Et encore, lors même que les Chinois nous seraient réellement inférieurs en intelligence et en force morale, serait-ce là une raison suffisante de leur refuser un clergé indigène ? Le prêtre est le chef et le guide des fidèles ; mais par cela même qu’il est lie guide des chrétiens, il ne doit pas leur être tellement supérieur et à une telle distance d’eux, qu’on le perde pour ainsi dire de vue et qu’on désespère de l’atteindre. Autrement, sa qualité de guide deviendrait inutile. Ainsi, d’après ce principe, on pourrait conclure que chaque nation, aidée de la lumière et de la grâce évangélique, pourrait trouver dans ses rangs des membres propres à lui former un clergé indigène. Mais comme il ne s’agit ici que de la nation chinoise, je m’arrête et je veux point généraliser la question. Il suffit seulement de citer à l’appui de cette proposition l’exemple de Notre-Seigneur lui-même, le prêtre par excellence pour opérer le salut dit monde, il a voilé sa divinité, s’est fait homme et a passé par toutes les infirmités humaines ; ensuite, voulant instituer un sacerdoce dépositaire de sa doctrine et chargé de perpétuer et de propager l’oeuvre de la rédemption, il en choisit les membres parmi les rangs les plus vulgaires de la société.

On s’excuse aussi souvent de faire des prêtres du pays, par les mauvaises qualités qu’on prétend trouver en eux lorsqu’ils ont été élevés à cette dignité.

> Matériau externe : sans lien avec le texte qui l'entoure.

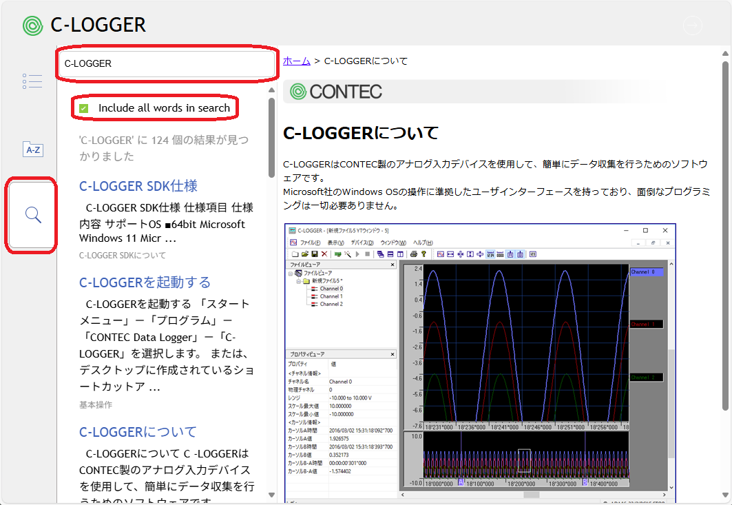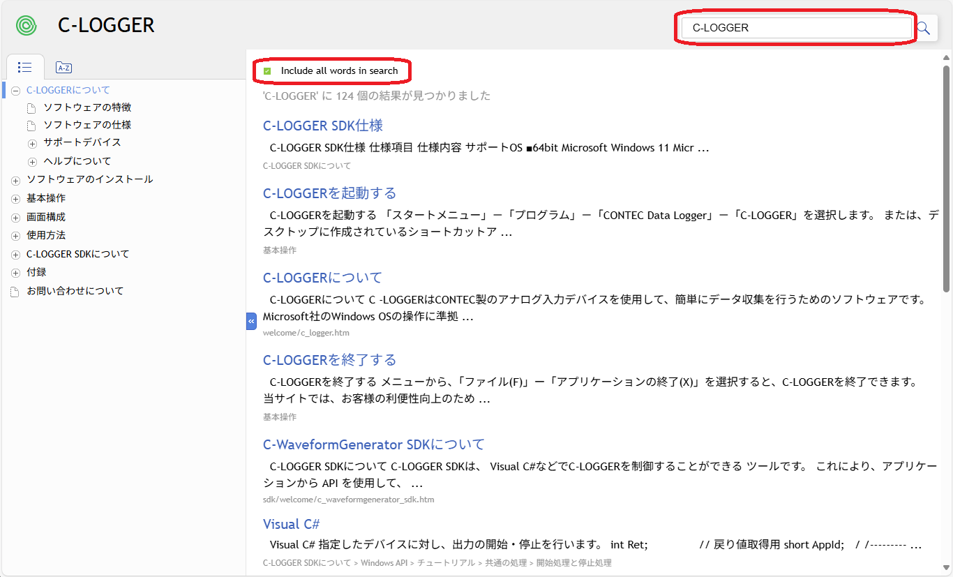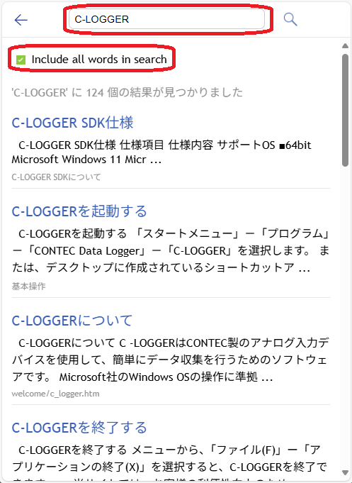 検索エリアで単語やフレーズを指定して、検索アイコン()をクリックすると、ヘルプファイル内の全文検索が行われ、対象となるトピックがリスト表示されます。

Les reproches les plus ordinaires qu’on leur fait sont d’être sans énergie et sans esprit de prosélytisme, de n’avoir aucune capacité pour l’administration des affaires, d’avoir de la défiance et de l’antipathie pour le clergé européen, enfin, d’être trop entêtés des usages et des institutions de leur pays.

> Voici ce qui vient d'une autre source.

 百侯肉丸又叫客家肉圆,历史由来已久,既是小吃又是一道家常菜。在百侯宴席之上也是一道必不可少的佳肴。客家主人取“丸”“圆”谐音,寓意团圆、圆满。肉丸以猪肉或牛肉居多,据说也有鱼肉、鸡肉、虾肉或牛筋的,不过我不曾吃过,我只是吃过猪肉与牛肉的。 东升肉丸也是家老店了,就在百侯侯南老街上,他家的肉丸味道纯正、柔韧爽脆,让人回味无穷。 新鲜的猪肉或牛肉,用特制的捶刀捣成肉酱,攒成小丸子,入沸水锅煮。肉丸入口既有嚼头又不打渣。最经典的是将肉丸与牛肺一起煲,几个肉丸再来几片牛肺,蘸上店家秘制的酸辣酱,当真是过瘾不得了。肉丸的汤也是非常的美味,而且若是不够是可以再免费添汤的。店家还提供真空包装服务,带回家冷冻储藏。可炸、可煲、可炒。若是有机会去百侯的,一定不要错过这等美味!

On remarque, il est vrai, dans les prêtres chinois, un esprit posé et réfléchi. C’est le caractère dominant de leur nation. L’impétuosité européenne, si ordinaire surtout aux jeunes missionnaires, ne s’accommode pas de la lenteur et de l’esprit calculateur des Chinois ; voilà d’où vient l’accusation de nonchalance et d’apathie répétée sans cesse contre eux.